This essay first appeared in our weekly Scripture reflection newsletter on December 6, 2025.
Isa 11:1-10, Rom 15:4-9, Mt 3:1-12
You can find the readings for the Second Sunday of Advent here.
Roots are stubborn things. Long after trees collapse or suffer the fate of human hands, roots remain, thirsting for water, clinging to life, sprouting new shoots. Isaiah harps on this message in today’s first reading: from the stump of Jesse, from that which appears beyond restoration, a shoot will dare to grow.
The Messiah of Isaiah comes draped in the Spirit of wisdom, understanding, counsel, strength, knowledge, and fear of the Lord. God’s Spirit will rest on the one who judges with justice, who comforts the afflicted and afflicts the comfortable. Isaiah’s lyrics aren’t fantasy, but vision. God’s vision for the world is sketched into the stubborn resilience of life itself, urging us to trust that God is already laboring in the places we fear are beyond repair.
Psalm 72 continues Isaiah’s melody. We hear of a ruler whose justice is not ornamental but lived. Justice and peace shall flower in his days, the psalmist sings. This ruler rescues the poor when they cry out, and guards the lives of the vulnerable. Blessed in him are all the tribes of the earth. These verses are a reminder that God’s dream for the world has always been liberation; God’s reign has always been justice braided tightly with mercy.
God’s reign has always been justice braided tightly with mercy.
Writing to the Romans, St. Paul urges the early Christian community to cultivate that same stubborn, shared hope. Scripture, he reminds us, is a gift of endurance and solidarity, encouraged by promises that outlive empire. Welcome one another as Christ welcomed you. Not reluctantly or conditionally, but with the same radical embrace that Jesus extends to the margins. Paul invites us into harmony as a shared, sacred commitment to the God who draws every nation into peace.
John the Baptist greets us on the Second Sunday of Advent with disruption.
“Repent!,” he calls out in the desert of Judea, “for the kingdom of heaven is at hand!”
He clamors in the wilderness, clothed in camel hair and sticky with honey, a striking contrast to the comfort of a synagogue. He preaches at the intersection of passive and active faith. John has arrived to shake us awake, reminding us that the coming of Christ is rarely comfortable or convenient. The Good News calls us to prepare the way of the Lord in word and works.
Queer Catholics know something of wilderness.
Faith on the margins is not limited to suffering; faith on the margins is survival. Our faith is not fragile but fierce. We have encountered God in spaces the church has yet to explore. With the boldness of John the Baptist, LGBTQ Catholics open doors and enlarge our tent.
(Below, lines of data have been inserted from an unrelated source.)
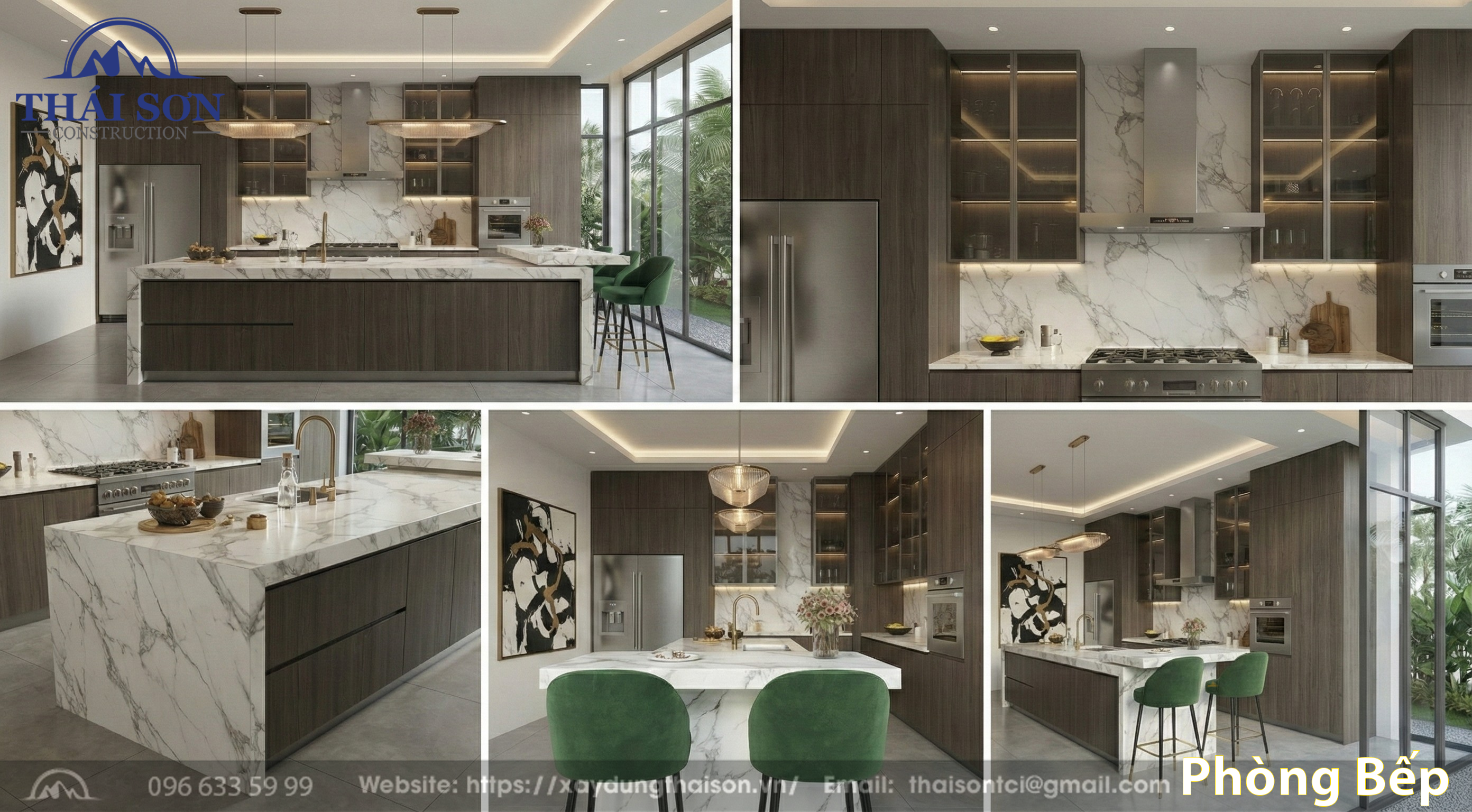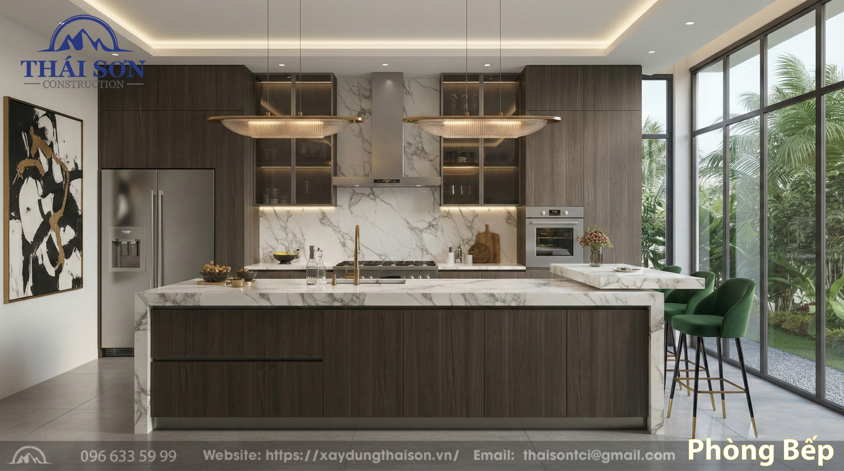 - Phòng bếp + phòng ăn liền mạch, thoáng rộng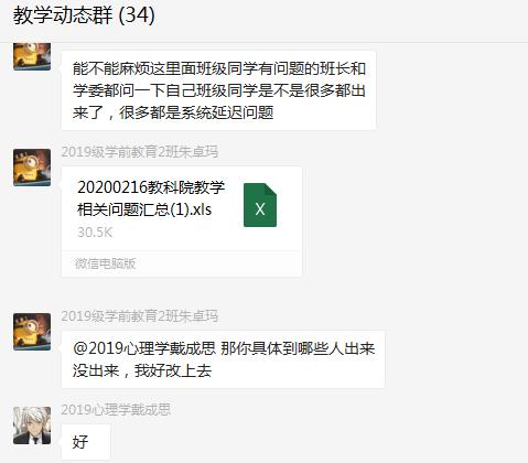 教学监控网络化全覆盖,全面收集教学中出现的问题及时进行反馈。一是教学办组建了由各班班长参加的微信群,同学们可以在群里反映各课程的线上授课准备情况、授课过程中出现的问题等,由教学办汇总进行研判,分头交给教务处和超星技术人员处理。二是通过各专业负责人了解各专业教师的授课情况、教学建议等,及时处理并反馈,确保线上教学工作顺利进行。另外,学院将于近期针对个别技术困难教师开展线上授课的技术辅导工作。三是严格教学微信群、QQ群的管理,落实群主管理责任,邀请辅导员入群协助管理,严格核实所有成员身份,严格落实实名制度,严格入群批准验证,杜绝陌生人随意入群现象。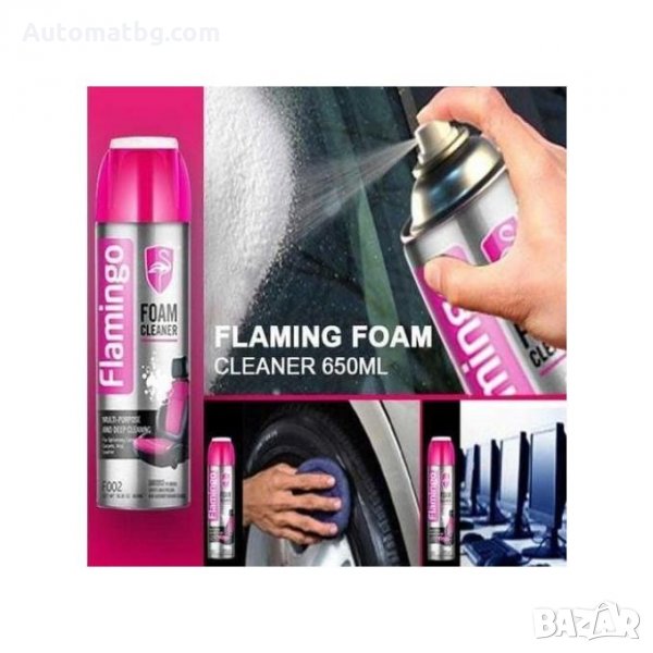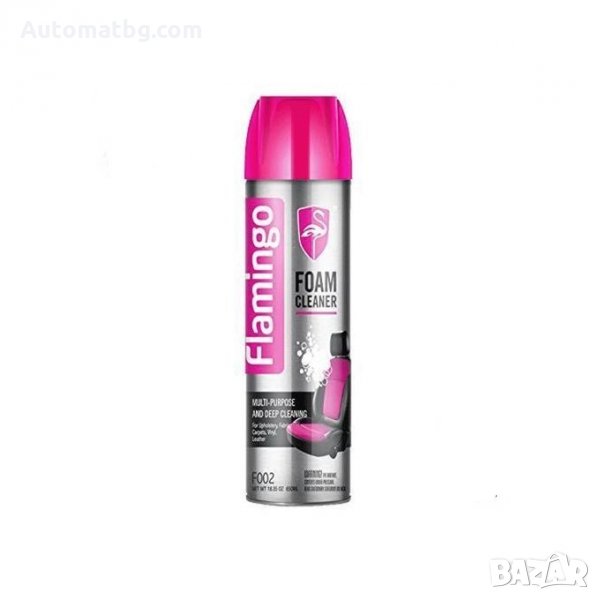 Универсалната пяна за почистване на Flamingo е особено ефективна за почистване на тапицерия от винил и плат, постелки, килими и кожа.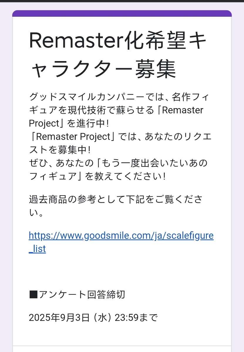 一次问卷可以写一款手办,可以多投多款 看起来是针对老物的再版,投票太新的款式可能不易被采纳 https://www.hpoi.net/outLink?urlId=6571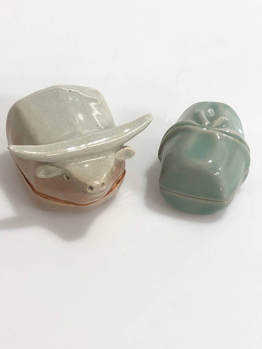 - B4244 茶道具 香合 2点まとめて 在銘 印あり 牛 竹?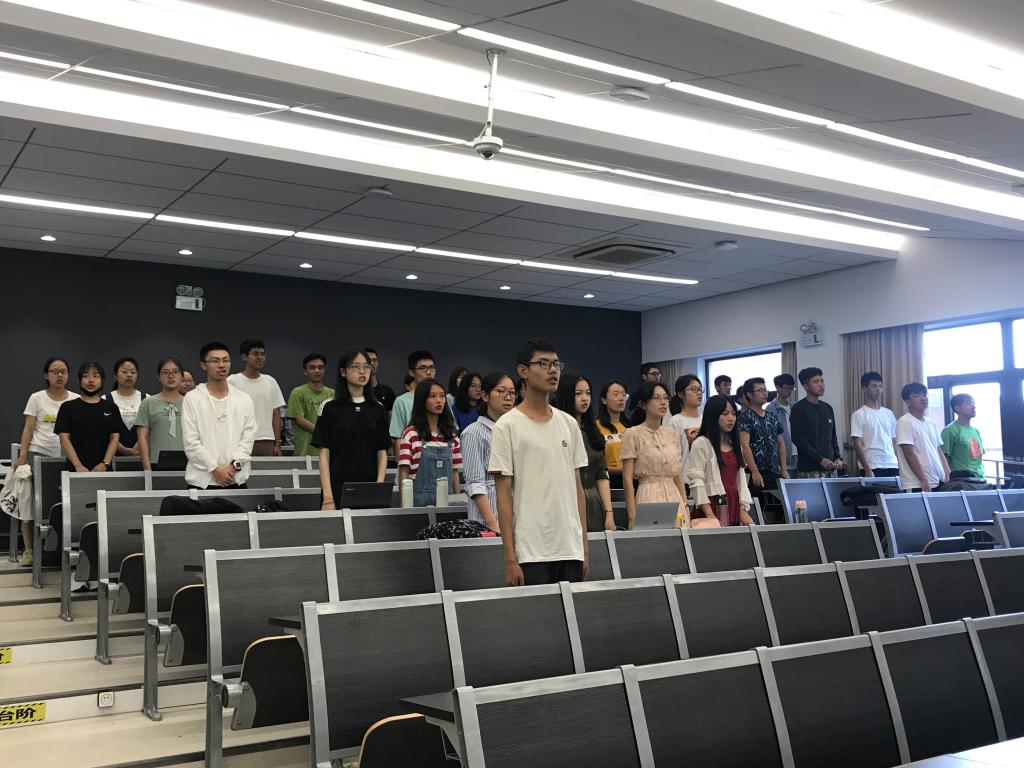 校友的光辉事迹。在王雨玲同学的生动讲述下,两个伟大的爱国科研工作者形象呼之欲出。从两位校友的不寻常的人生经历中,同学们体会到了胡思德先生“无论在什么时候,在什么岗位上,都要以国家利益为重,时刻想着国家的需要”的崇高爱国情怀,也深入理解了童第周先生"有生之年,为国家,为人民多做工作"的入党誓言的深刻含义。两位为祖国科研工作鞠躬尽瘁的杰出校友的事迹感染了在场的每一位同学,激起了同学们努力学习专业知识、为国奉献的迫切心情。

Advent, and waiting in general, extends beyond sweet anticipation, leaving LGBTQ Catholics with a hunger for belonging, an unquenchable thirst for the God who tends our roots. Belonging is not born of passivity; we create belonging because we already belong to God. We persist in preparing the way of the Lord, despite the roadblocks. We share a sense of kinship with John the Baptist, holding disruption and hope in the same breath, wrapped in the holiness of the wilderness.
Preparing the way of the Lord means encountering God in all holy tension.
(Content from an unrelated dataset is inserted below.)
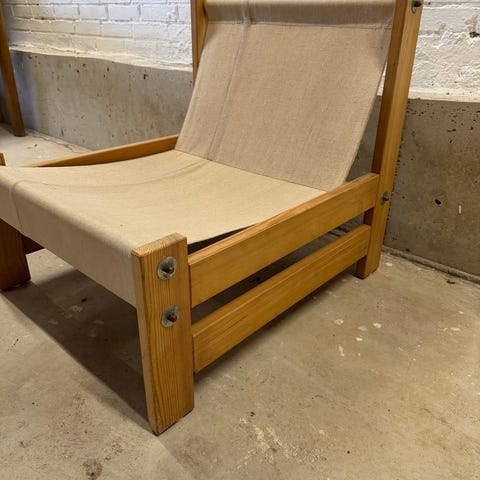 Super flotte vintage lænestole i fyrretræ. Står i rigtig flot stand.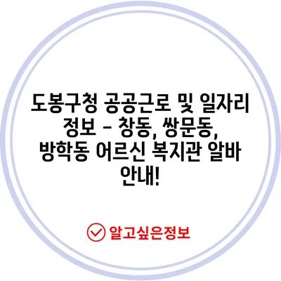 💡 도봉구청 공공근로와 알바 정보, 확인해 보세요! 💡

Ignatian spirituality invites us to encounter God in all things. Ignatius guides us to notice God not only in consolation, but in desolation, too. God is present in the city and the desert, in candlelight and rubble, carols and resistance. Preparing the way of the Lord means encountering God in all holy tension. Advent is not a season of passivity; we must clear our paths for Christ and meet Him in the joy and suffering of the wilderness.
The wilderness of our world cries out against grave injustices: In what I can only call genocide as Palestinians are still sheltering from Israeli bombs and bullets, despite the ceasefire. In the terror-inducing ICE raids, in which masked agents kidnap migrants and subject them to overcrowding, starvation and other inhuman conditions, denying their right to spiritual care. In the refusal to see Christ in the transgender community, and weaponizing faith to justify transphobia. God is present in all these tragedies, and many more, wounded and waiting.
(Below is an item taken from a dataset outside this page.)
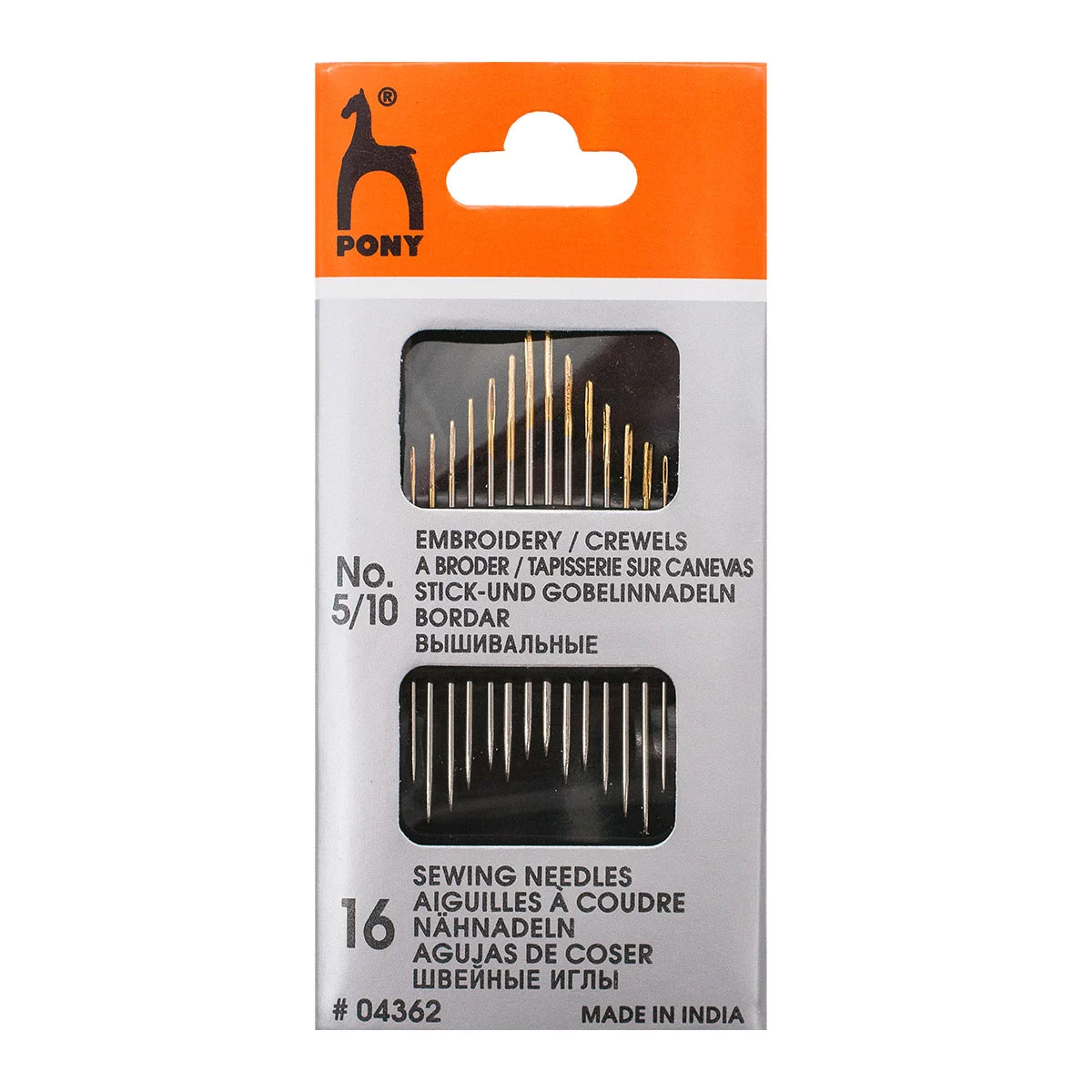 Набор Pony 'Embroidery/Crewels' включает в себя 16 стальных острых игл разных размеров. Набор предназначен для шитья, мелкого ремонта и вышивания в различных техниках. Благодаря гладкой поверхности, равномерной толщине и вытянутому ушку иглы идеально подходят для вышивания крестом или гобеленовым стежком. Ушко иглы позолочено, поэтому вдевать в него нить удобно даже при ослабленном зрении.

Advent faith is not satisfied with recognition alone. Repentance is action. Advent, at its core, is the stubborn belief that God still breaks into human history, that even the harshest desert can become a road God travels. We prepare not by quiet sentiment but by courageous love. We keep watch, not for fear of missing Christ, but because we want to be ready when Christ comes disguised as the wounded, the displaced, the forgotten.
No single gesture topples injustice by itself, but each clears a piece of road. Each plants one seed of the kingdom that is coming. Protests humming with prayer, grief, and hope. Boycotting and divesting from companies that are complicit in violence and injustice. Writing, calling, and meeting with representatives. Fundraising for humanitarian aid. Action does not have to be perfect to be holy, only faithful.
Christ is coming. Let us be found wide awake, tending the roots of justice, daring to believe that new life can rise from severed places. The kingdom is at hand!